I have been a vegetarian for more than 30 years.  In the last few years, the emphasis on healthy whole foods, plant based diets and organic foods have really made being a vegetarian so much easier.  About a year ago, my daughter introduced me to a vegan vlogger Ellen Fisher and her sister Hannah McNeely, who is also an ethical vegan.  I love their videos and they have inspired me to eat less dairy and less eggs and less fish (I am not quite there yet as far as finding enough dinner recipes that my whole family likes, but I am completely vegan 3-4 days a week and vegan until dinner the rest of the week).

A few weeks ago, Ellen mentioned The China Study in her video and when I saw this cookbook pop up on Netgalley, I knew I wanted to check it out and hopefully find more dinner recipes!


Eating a whole food, plant based diet greatly reduces risks for cancer, heart disease and diabetes.

One of my concerns about going completely plant based is protein.  As a vegetarian, I rely on eggs and fish for some of my protein (legumes, seeds and nuts provide some as well).  What I learned from this book and others, however, is that Americans consume too much protein and that actually increases risk of cancers.

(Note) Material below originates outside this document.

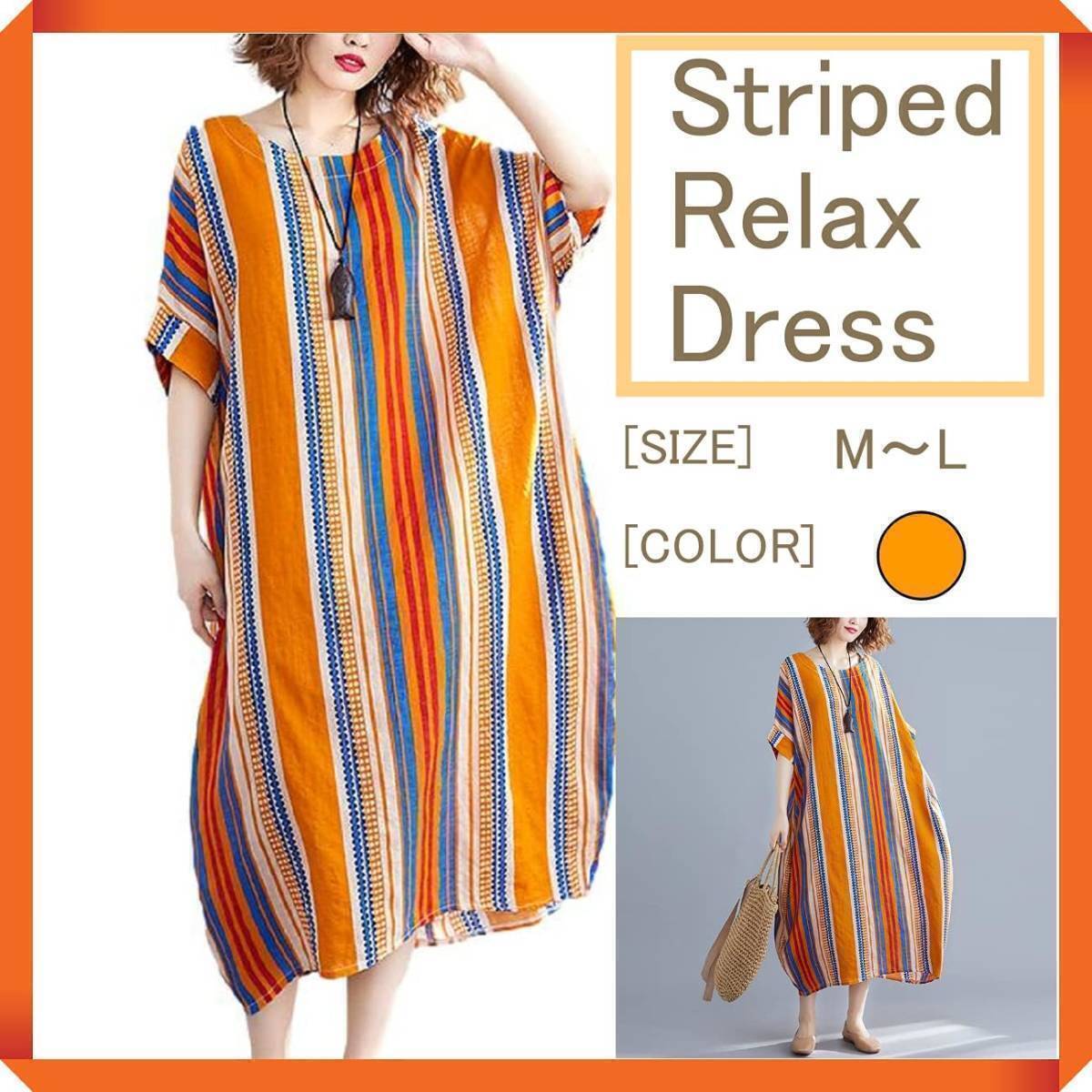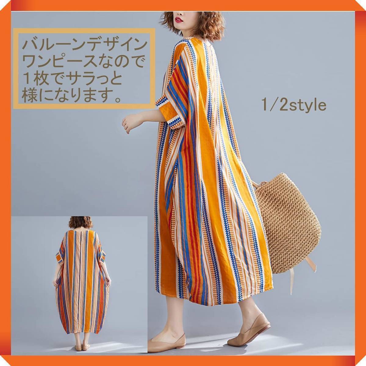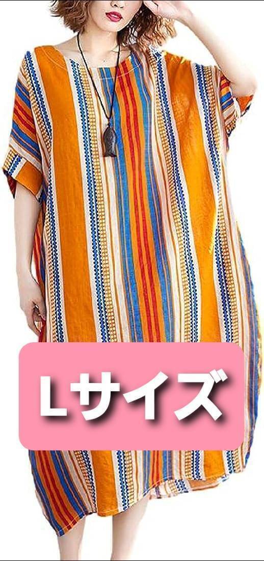 送料無料 1/2style ニブンノイチスタイル ワンピース レディース オレンジ L ストライプ きれいめ レトロ ロング シフォン 新品 未使用

The first recipe I made from this book was Dominican Rice and Beans with Fresh Salad, which the author says is her sons’ favorite meal.  We liked it a lot, although this style of cooking greatly reduces oil and salt and that was a big hit for us in terms of flavor.  We added some hot sauce, but we really wanted to add salt.  So that is something we need to think about in terms of how we want to adjust – do we want to add salt or get used to using less salt?  I have gone salt-free before and it takes a while but eventually I did get used to it and found the food flavorful enough.

The second recipe I made was the Baked Tofu which used coconut aminos and we found to be perfectly flavorful and one of the best recipes we have ever used for baked tofu.

I was eager to try some of the baking recipes, because I always want baked goods but am always trying to eat healthy.  I made the Blackberry Lemon Tea Cakes (I subbed raspberries because our raspberry bushes were thick with fruit).  We also tried the Almond Topped Blueberry Coffee Cake.  We found both to be very good, but to taste a little healthy, which we actually appreciated because it gave us the sweetness we craved without feeling overly decadent.

I have also tried some of the salad dressings, as I am trying to get away from my kale massaged with oil and salt and garlic.  I liked the Lemon Tahini dressing and the Asian Ginger dressing.  I have to get the ingredients for the Mango Azteca Dressing so I can try that one.

If you are interested in reducing your risk of cancer, heart disease and diabetes and are open to eating less salt and oil and more whole food plants, then you should check this book out.  Yes, some of the food is slightly less flavorful than what you may be used to, but you will undoubtedly feel better eating it.